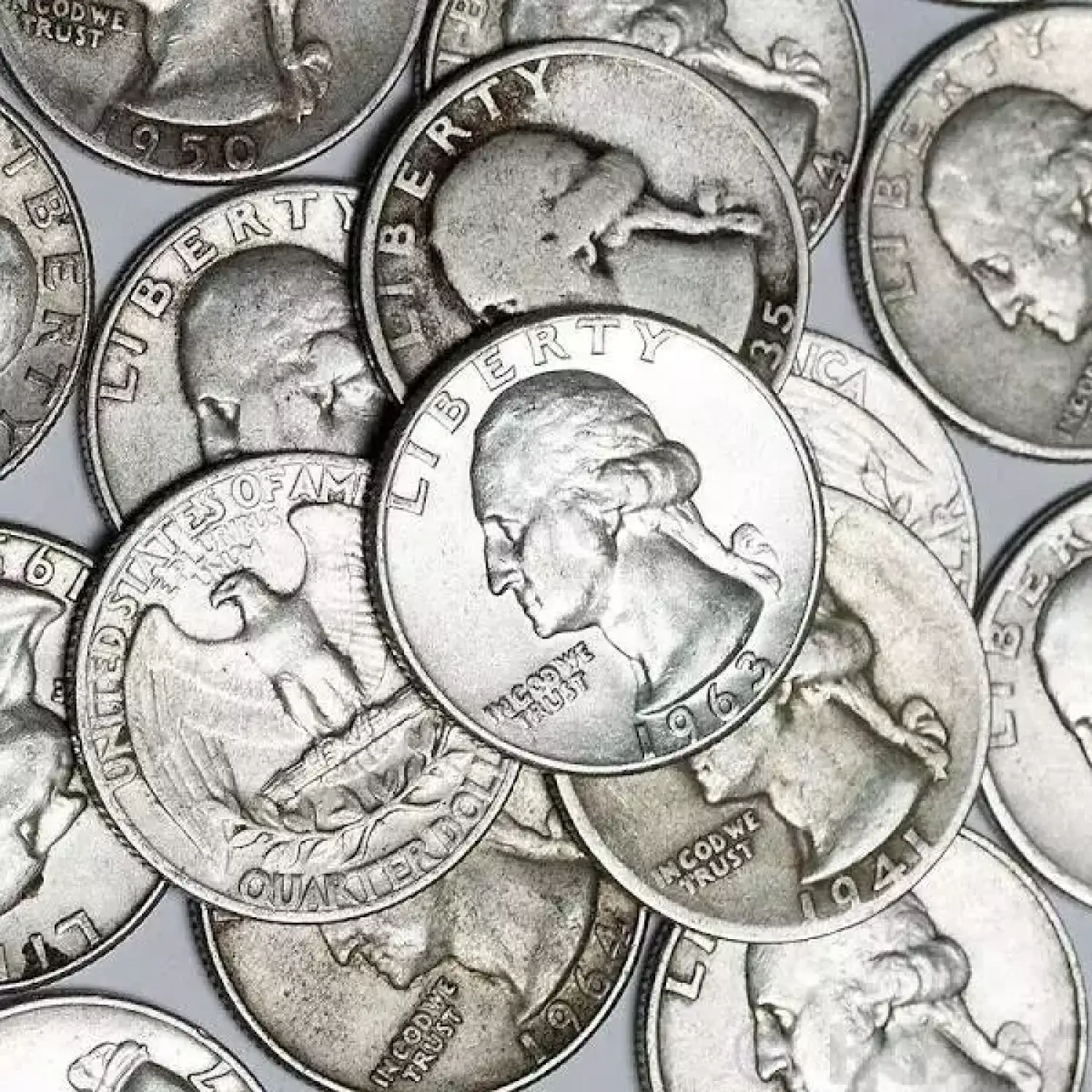 90% Silver Coinage is one of the most popular ways to buy silver. Each face dollar contains .715 ozt of Actual Silver Weight (ASW). It is called 90% silver because it is .900 fine. We sell our quarters by the $1 Face Value. Typically, our quarters are various date Washington Quarters through 1964.
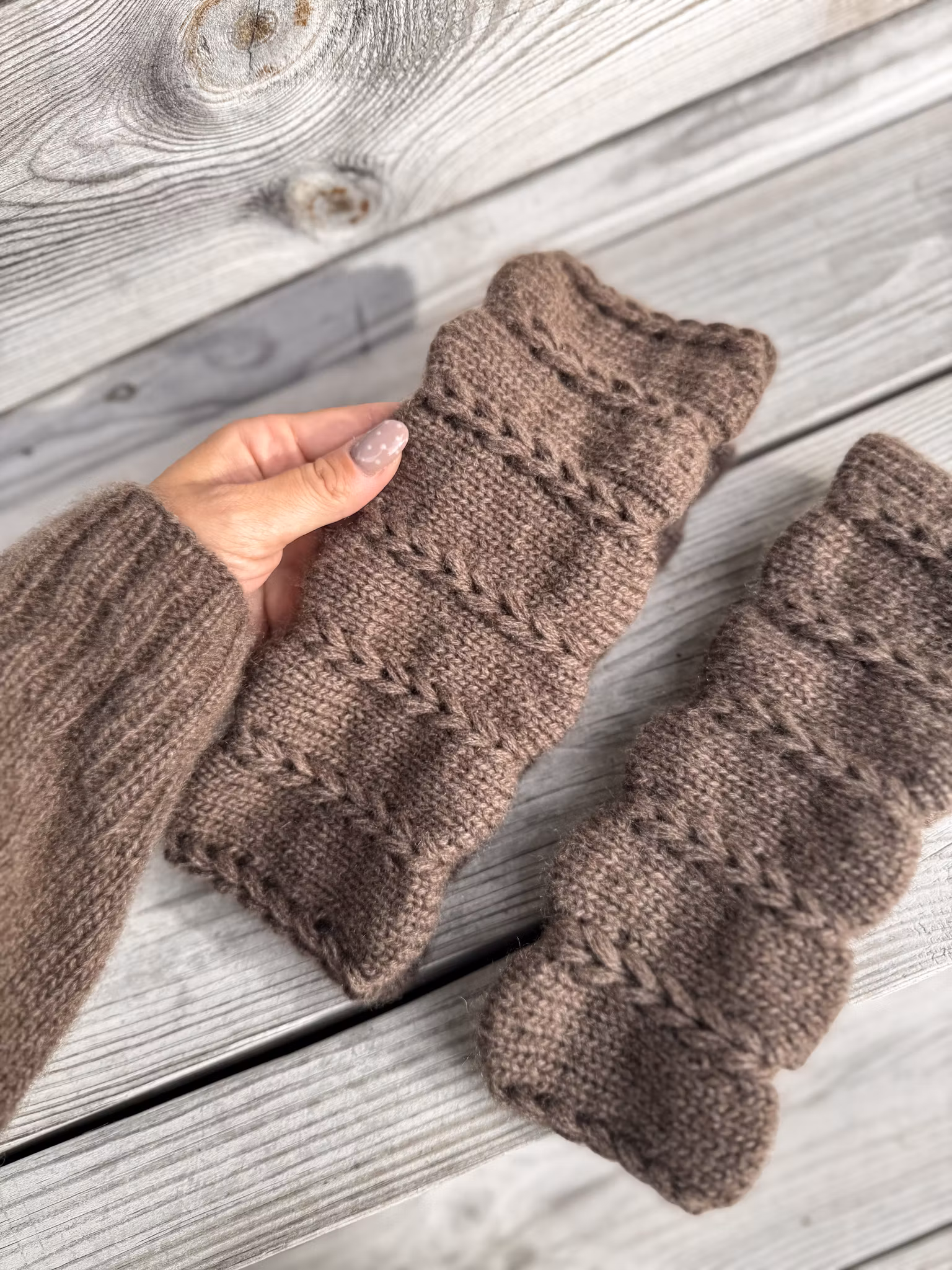 Strikkefasthet: 22 masker per 10 cm i glattstrikk
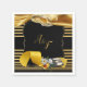 A luxurious shimmering gold silk texture draped through two wedding rings on a dramatic black background with a Deco style stripe to give the design a chic and glamourous look to personalise.with the wedding couple initials.

§ Work task:
Quote the listing above in full, except for the pictures.

§ Answer to the problem:
 90% Silver Coinage is one of the most popular ways to buy silver. Each face dollar contains .715 ozt of Actual Silver Weight (ASW). It is called 90% silver because it is .900 fine. We sell our quarters by the $1 Face Value. Typically, our quarters are various date Washington Quarters through 1964.
 Strikkefasthet: 22 masker per 10 cm i glattstrikk
 A luxurious shimmering gold silk texture draped through two wedding rings on a dramatic black background with a Deco style stripe to give the design a chic and glamourous look to personalise.with the wedding couple initials.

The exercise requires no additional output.